Hacker News new | ask | show | jobs
by festivusr 5073 days ago
There was an interesting talk that mentioned CAPTCHA by one of its creators, Luis von Ahn, at the AAAI-12 conference on AI and robotics this past week.

In ReCAPTCHA, the two-word CAPTCHA version, one of the two words is taken from a scanned book. That (unknown) word was one that failed OCR for that book.

The other word is one that captcha already knows the answer to.

The assumption is if you get the known captcha correct, then you probably got the other one correct as well (if it was possible to read it). The answer to the unknown word supplements the OCR of the book.

The captchas are put in random order, and you only have to get one of them right.

Luis's thought was that people are wasting all this time doing captcha - why not use that time to do something useful, like help digitize books.

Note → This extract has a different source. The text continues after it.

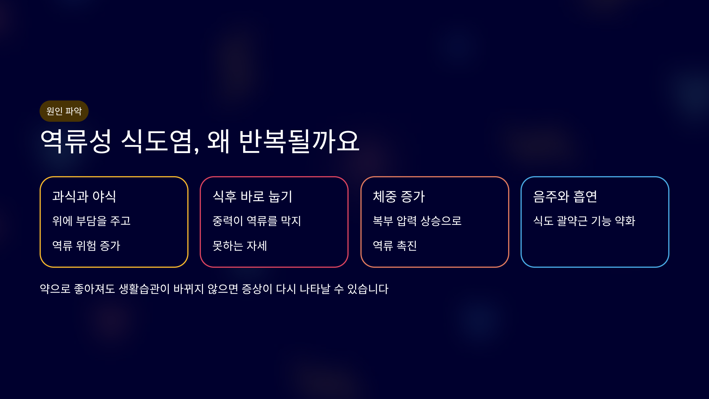 역류성 식도염 만성화의 핵심은 바로 이 반복되는 생활 패턴에 있습니다.
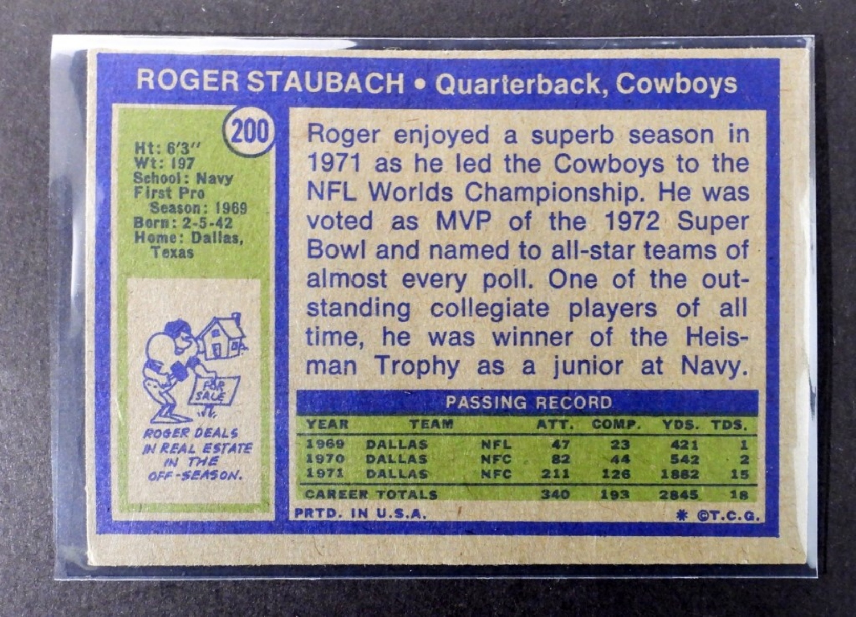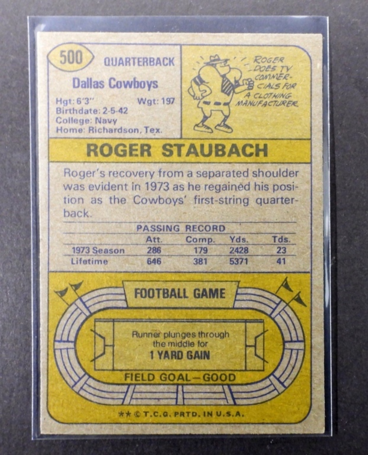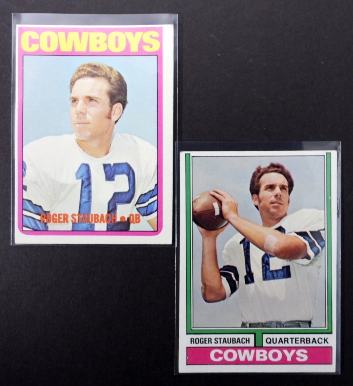 (2) VARIETY ROGER STAUBACH TOPPS CARD, NUMBERS 74 TOPPS #500 AND 72 TOPPS #200 (VGEX/EX)

As an aside, he's also one of the principal people behind duolingo, which is a quite awesome language learning / human-assisted translation engine.

2 comments

Yeah. The actual problem as I see it is that people have been trained that you have to get captcha's "right", where with these recaptchas all you really need is a reasonable guess because there is no 'right' (and nowhere does it say that).

The assumption behind recaptcha was a novel one, but it seems pretty obvious that the OCR is really just about as good as humans anyway - the 'difficult words' that usually get served are most commonly either non-existant words (printing/writing errors) or scanning/cropping errors.

Luis von Ahn is one of the very few tech entrepreneurs from Guatemala. He's killing it.